--- TASK STATEMENT ---
Copy every entry word for word. Skip the pictures.

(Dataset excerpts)
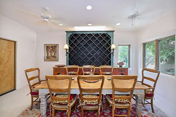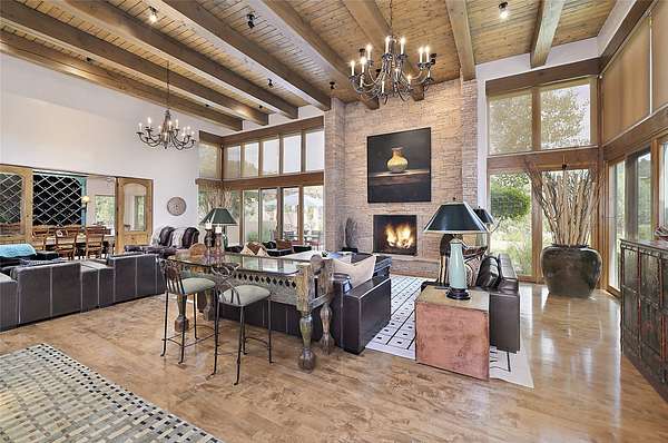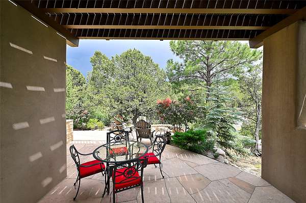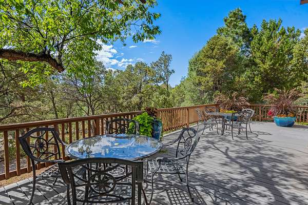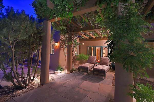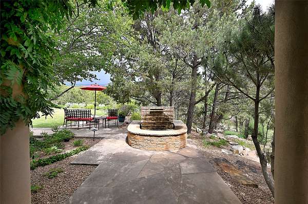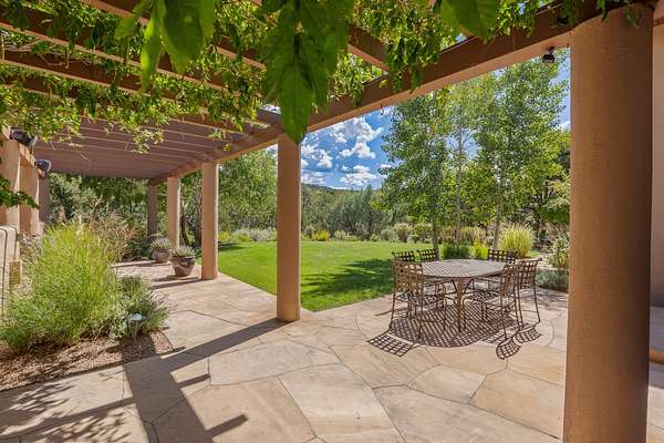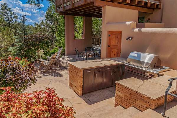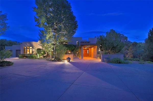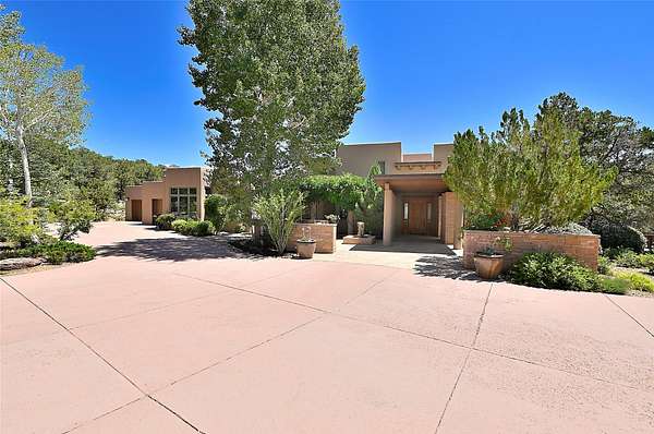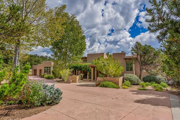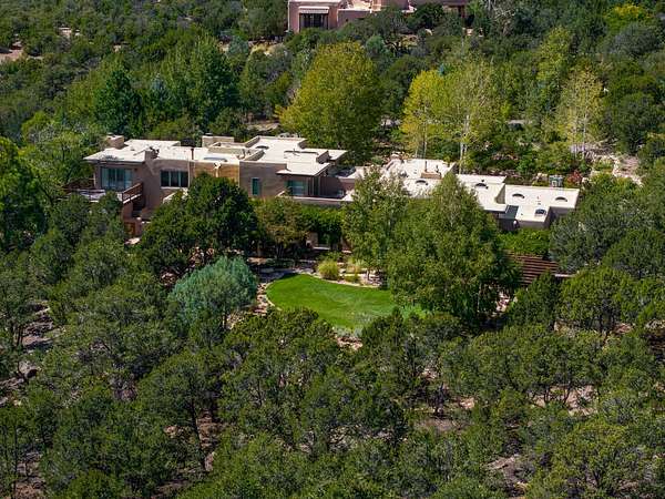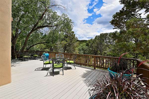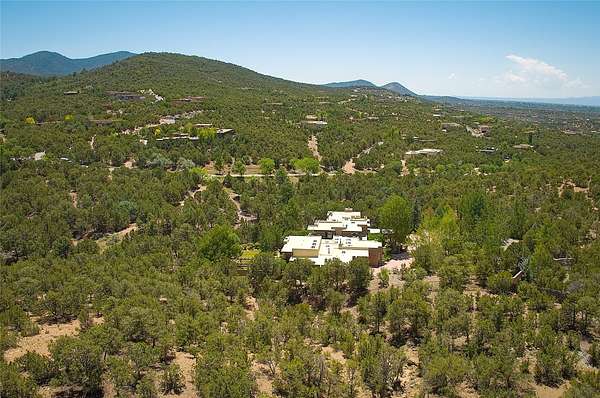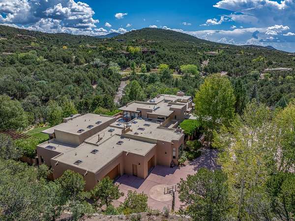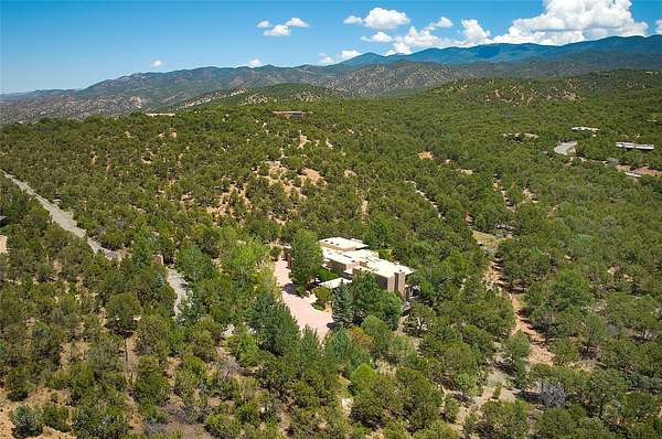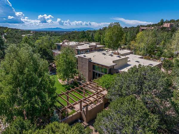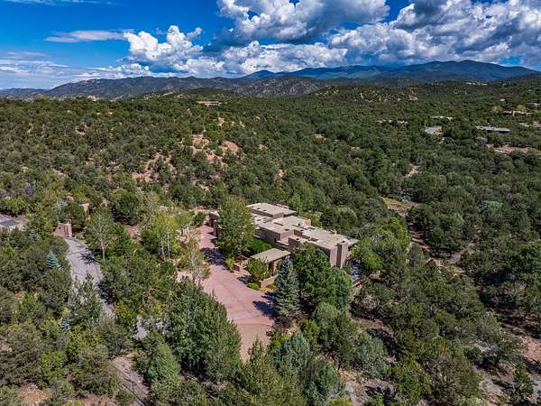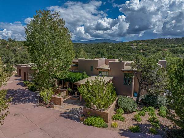 Perched on over 3 lush acres in one of Santa Fe's most coveted enclaves, this exceptional estate offers a rare synthesis of space, serenity, and natural beauty. It is less than 10 minutes from the plaza and the city's extensive mountain hiking trails are only a short walk away. Designed with both privacy and flexibility in mind, the residence unfolds across two thoughtfully connected wings, encompassing five bedrooms and a range of inviting communal and intimate spaces. It is ideally suited for multigenerational living, entertaining, or even a creative retreat. The main level is tailored for effortless single-level living, featuring expansive formal and informal gathering areas, two nicely equipped kitchens, three bedrooms (one of which is a grand suite with a private entrance), a game room and 2 car garage. A sauna and steamroom are situated in the guest bath on the main level. Seamless indoor-outdoor living is made possible through multiple portals, decks, and lawn spaces, framed by towering Aspens, Ponderosa Pines and Pinons, with manicured lawn and gardens, tranquil water features, and sweeping mountain views. Upstairs, two spacious en-suite bedrooms each open to their own private view decks, offering peaceful havens for rest, reading, or quiet contemplation. The home is connected to city utilities, has central air conditioning and heat and has been meticulously maintained, ensuring comfort, durability, and modern ease. Properties of this caliber, combining architectural versatility, natural grace, and premier location, are seldom available. Additional contiguous parcels totaling over 11 acres with commanding hilltop views may be acquired separately, offering a rare opportunity to expand and create an even more secluded private compound.
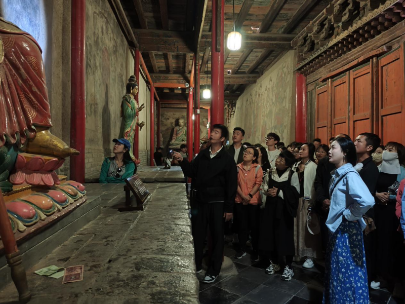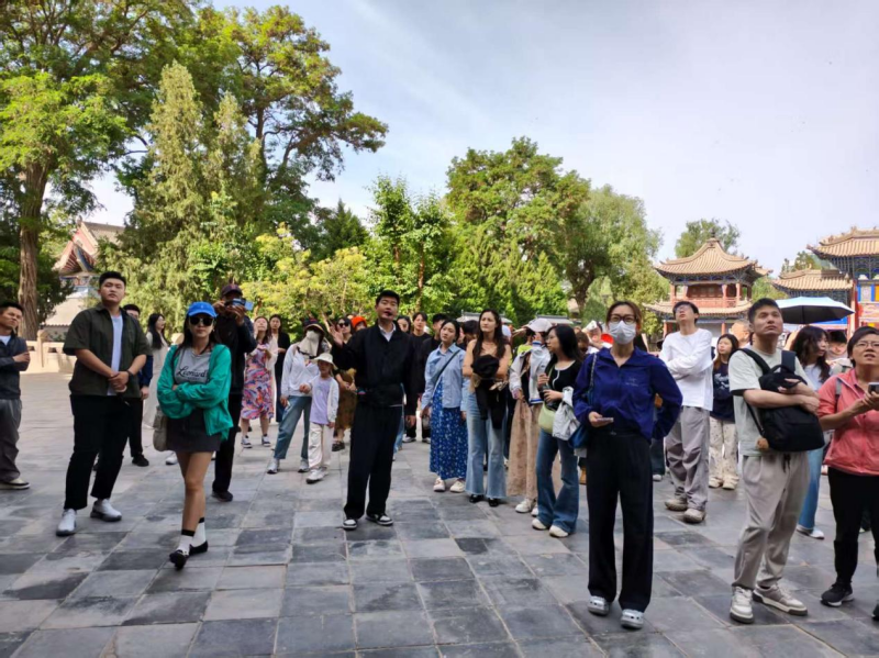 研学过程中,音乐学专业师生通过实地参访与艺术采风,深切感受到张掖丰富的历史文化积淀和独特的自然景观魅力。大佛寺作为丝绸之路上的文化遗产,展现了多元宗教艺术的融合,师生通过考察西夏佛教壁画、经变乐舞图像,分析丝路佛教音乐东传的物证,现场开展专题研讨,深化对古代多民族音乐交融的理解。张掖市博物馆的文物展览则为学生提供了系统的人文历史素材,在“历史民族厅”“非遗陈列馆”,团队了解了匈奴、回鹘、西夏等古代民族乐器和裕固族民歌档案,探究地域音乐的文化层积现象,为“中国音乐史”课程提供鲜活案例。而丹霞地貌以其壮丽色彩和地质奇观,为师生采集丹霞色彩、山体韵律等视觉元素,激发跨学科艺术创作思维。
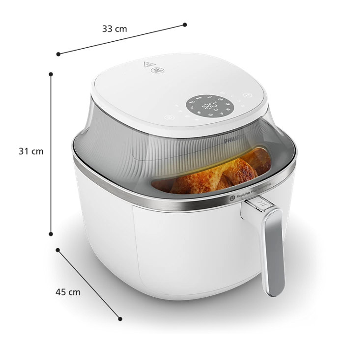 با ظرفیت 7.2 لیتری، این دستگاه برای خانواده‌های متوسط و بزرگ ایده‌آل است. طراحی آن با رنگ سفید شیک و ابعاد جمع‌وجور (303.5 × 333 × 453 میلی‌متر) زیبایی بصری آشپزخانه شما را تکمیل می‌کند. با توان بالا و عملکرد کارآمد انرژی، فیلیپس HD9270 یک سرمایه‌گذاری بلندمدت بر روی سلامت و راحتی در آشپزی است.
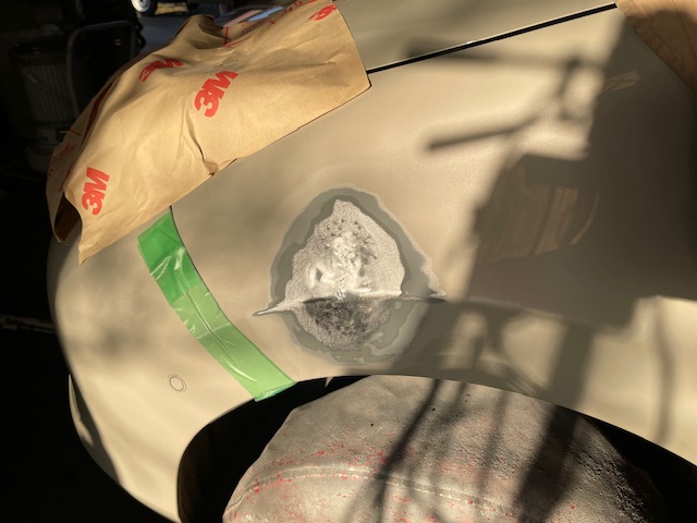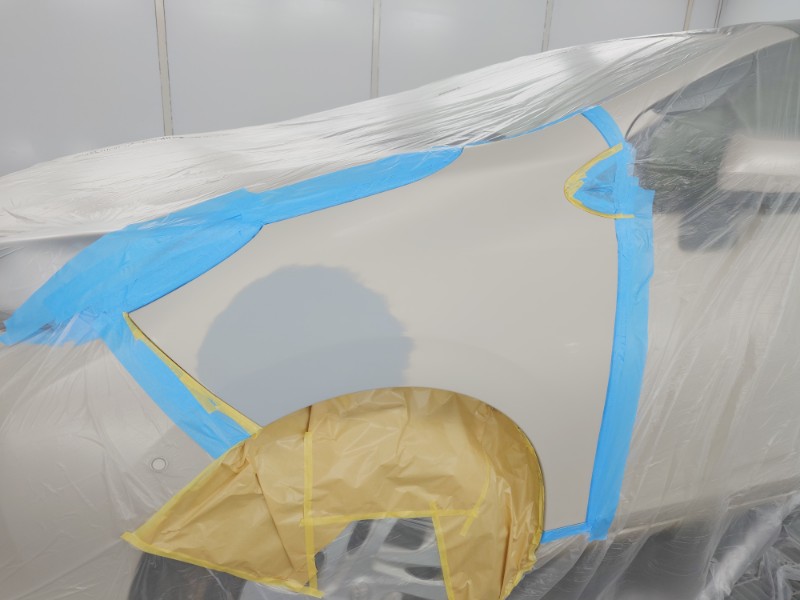 サフェーサーの研磨と周辺部の足付け研磨を行いマスキング作業にかかりました。
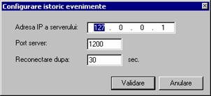 Declansarea modului alarma va afisa urmatoarele ferestre:
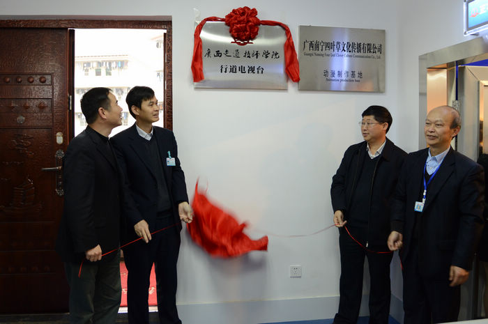 張遠處長、李棟學處長、韋紅教院長、羅華(huá)書記共同為我院行道電視台揭牌(pái)
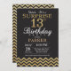 Surprise 13th Birthday Invitation with Gold Glitter Chevron. Chalkboard. Black and Gold Glitter. Kids Birthday. Boy or Girl Bday Invite. For further customisation, please click the "Customise it" button and use our design tool to modify this template.
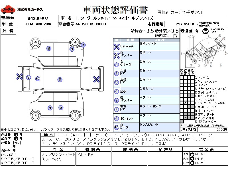 フル装備 / CD(社外) / 乗車定員(7人) / 集中ドアロック / エアバッグ / 助手席エアバッグ / ABS / トラクションコントロール / クルーズコントロール / カーナビゲーション(社外)(インダッシュ,SSD,2DIN) / 地デジTV(社外) / ETC / アルミホイール(18インチ) / ハーフレザーシート / スマートキー / ディスチャージ / パワースライドドア / フロントスポイラー /
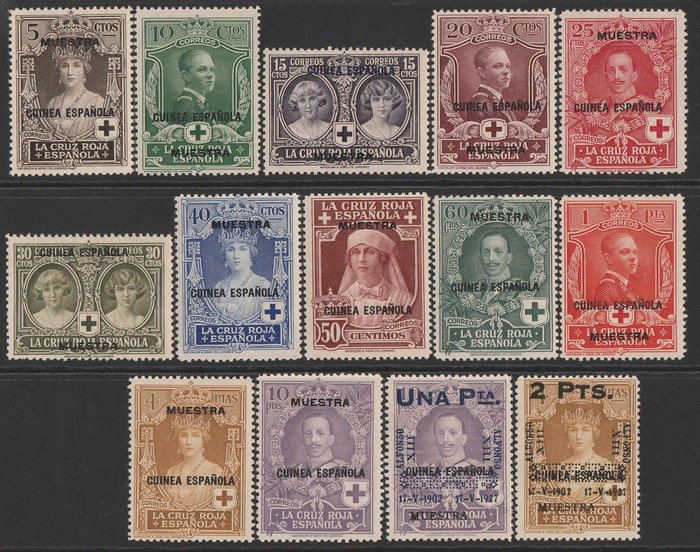Queen & Porter set 1c-5P opt MUESTRA (Specimen) with control no A000,000 at back. VF fresh M. Sc 222-233 cat US$69+. SG 244s -257s cat £200+ both for normals, plus premium for specimens. Ed 202M-215M cat €158. (14). (P) (Image1)
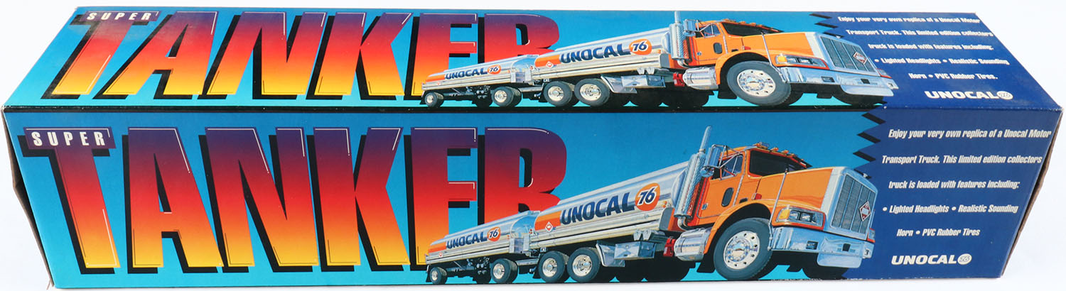 Unocal 76 Super Tanker in original box, has lighted headlights, realistic sounding horn, PVC tires 17'' long. Grade: Excellent ++ - Value: 2 to 100
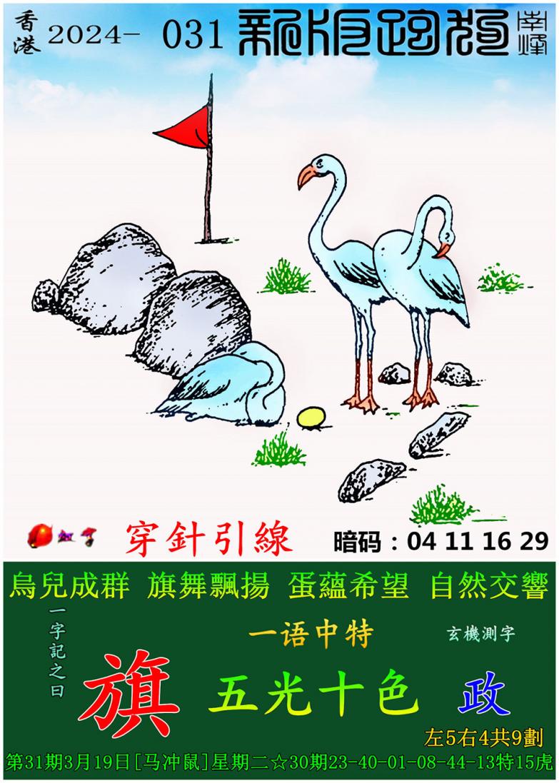 031期新版跑狗一字記之曰:【旗】
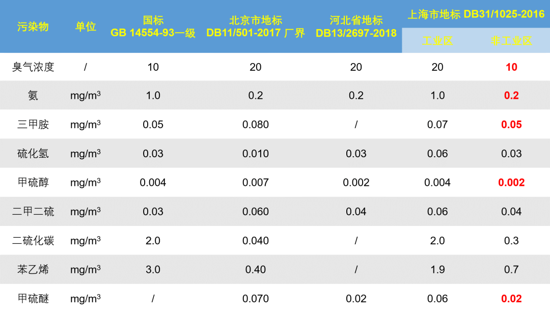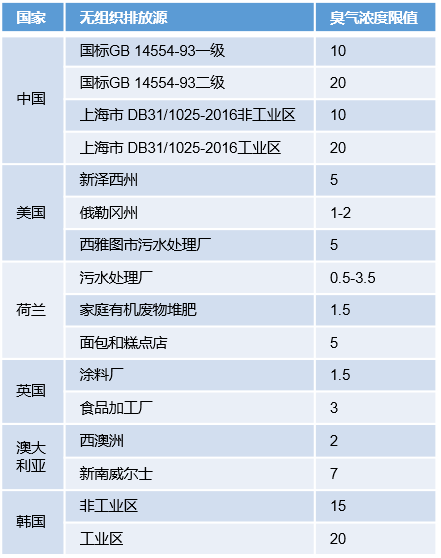 大多數(shù)國家和地區(qū)的臭氣濃度標(biāo)準(zhǔn)用于污染管理指導(dǎo),規(guī)定臭氣濃度標(biāo)準(zhǔn)的應(yīng)用范圍不盡相同。不同地區(qū)使用的臭氣濃度由于測量方式差異導(dǎo)致單位不同:如澳大利亞使用OU、荷蘭使用OUE/m3、美國使用D/T,韓國使用OC,而國際上對臭氣濃度的定義是一致的,因此1OU=1OU/m3 = 1OUE/m3 = 1OC= 1D/T。上海市《惡臭(異味)污染物排放標(biāo)準(zhǔn)》(DB31/1025-2016)規(guī)定的非工業(yè)區(qū)臭氣濃度及氨、三甲胺、甲硫醇、甲硫醚等組分濃度在國內(nèi)均最嚴(yán)。

--- EXERCISE RESPONSE ---
 Perched on over 3 lush acres in one of Santa Fe's most coveted enclaves, this exceptional estate offers a rare synthesis of space, serenity, and natural beauty. It is less than 10 minutes from the plaza and the city's extensive mountain hiking trails are only a short walk away. Designed with both privacy and flexibility in mind, the residence unfolds across two thoughtfully connected wings, encompassing five bedrooms and a range of inviting communal and intimate spaces. It is ideally suited for multigenerational living, entertaining, or even a creative retreat. The main level is tailored for effortless single-level living, featuring expansive formal and informal gathering areas, two nicely equipped kitchens, three bedrooms (one of which is a grand suite with a private entrance), a game room and 2 car garage. A sauna and steamroom are situated in the guest bath on the main level. Seamless indoor-outdoor living is made possible through multiple portals, decks, and lawn spaces, framed by towering Aspens, Ponderosa Pines and Pinons, with manicured lawn and gardens, tranquil water features, and sweeping mountain views. Upstairs, two spacious en-suite bedrooms each open to their own private view decks, offering peaceful havens for rest, reading, or quiet contemplation. The home is connected to city utilities, has central air conditioning and heat and has been meticulously maintained, ensuring comfort, durability, and modern ease. Properties of this caliber, combining architectural versatility, natural grace, and premier location, are seldom available. Additional contiguous parcels totaling over 11 acres with commanding hilltop views may be acquired separately, offering a rare opportunity to expand and create an even more secluded private compound.
 研学过程中,音乐学专业师生通过实地参访与艺术采风,深切感受到张掖丰富的历史文化积淀和独特的自然景观魅力。大佛寺作为丝绸之路上的文化遗产,展现了多元宗教艺术的融合,师生通过考察西夏佛教壁画、经变乐舞图像,分析丝路佛教音乐东传的物证,现场开展专题研讨,深化对古代多民族音乐交融的理解。张掖市博物馆的文物展览则为学生提供了系统的人文历史素材,在“历史民族厅”“非遗陈列馆”,团队了解了匈奴、回鹘、西夏等古代民族乐器和裕固族民歌档案,探究地域音乐的文化层积现象,为“中国音乐史”课程提供鲜活案例。而丹霞地貌以其壮丽色彩和地质奇观,为师生采集丹霞色彩、山体韵律等视觉元素,激发跨学科艺术创作思维。
 با ظرفیت 7.2 لیتری، این دستگاه برای خانواده‌های متوسط و بزرگ ایده‌آل است. طراحی آن با رنگ سفید شیک و ابعاد جمع‌وجور (303.5 × 333 × 453 میلی‌متر) زیبایی بصری آشپزخانه شما را تکمیل می‌کند. با توان بالا و عملکرد کارآمد انرژی، فیلیپس HD9270 یک سرمایه‌گذاری بلندمدت بر روی سلامت و راحتی در آشپزی است.
 サフェーサーの研磨と周辺部の足付け研磨を行いマスキング作業にかかりました。
 Declansarea modului alarma va afisa urmatoarele ferestre:
 張遠處長、李棟學處長、韋紅教院長、羅華(huá)書記共同為我院行道電視台揭牌(pái)
 Surprise 13th Birthday Invitation with Gold Glitter Chevron. Chalkboard. Black and Gold Glitter. Kids Birthday. Boy or Girl Bday Invite. For further customisation, please click the "Customise it" button and use our design tool to modify this template.
 フル装備 / CD(社外) / 乗車定員(7人) / 集中ドアロック / エアバッグ / 助手席エアバッグ / ABS / トラクションコントロール / クルーズコントロール / カーナビゲーション(社外)(インダッシュ,SSD,2DIN) / 地デジTV(社外) / ETC / アルミホイール(18インチ) / ハーフレザーシート / スマートキー / ディスチャージ / パワースライドドア / フロントスポイラー /
Queen & Porter set 1c-5P opt MUESTRA (Specimen) with control no A000,000 at back. VF fresh M. Sc 222-233 cat US$69+. SG 244s -257s cat £200+ both for normals, plus premium for specimens. Ed 202M-215M cat €158. (14). (P) (Image1)
 Unocal 76 Super Tanker in original box, has lighted headlights, realistic sounding horn, PVC tires 17'' long. Grade: Excellent ++ - Value: 2 to 100
 031期新版跑狗一字記之曰:【旗】
 大多數(shù)國家和地區(qū)的臭氣濃度標(biāo)準(zhǔn)用于污染管理指導(dǎo),規(guī)定臭氣濃度標(biāo)準(zhǔn)的應(yīng)用范圍不盡相同。不同地區(qū)使用的臭氣濃度由于測量方式差異導(dǎo)致單位不同:如澳大利亞使用OU、荷蘭使用OUE/m3、美國使用D/T,韓國使用OC,而國際上對臭氣濃度的定義是一致的,因此1OU=1OU/m3 = 1OUE/m3 = 1OC= 1D/T。上海市《惡臭(異味)污染物排放標(biāo)準(zhǔn)》(DB31/1025-2016)規(guī)定的非工業(yè)區(qū)臭氣濃度及氨、三甲胺、甲硫醇、甲硫醚等組分濃度在國內(nèi)均最嚴(yán)。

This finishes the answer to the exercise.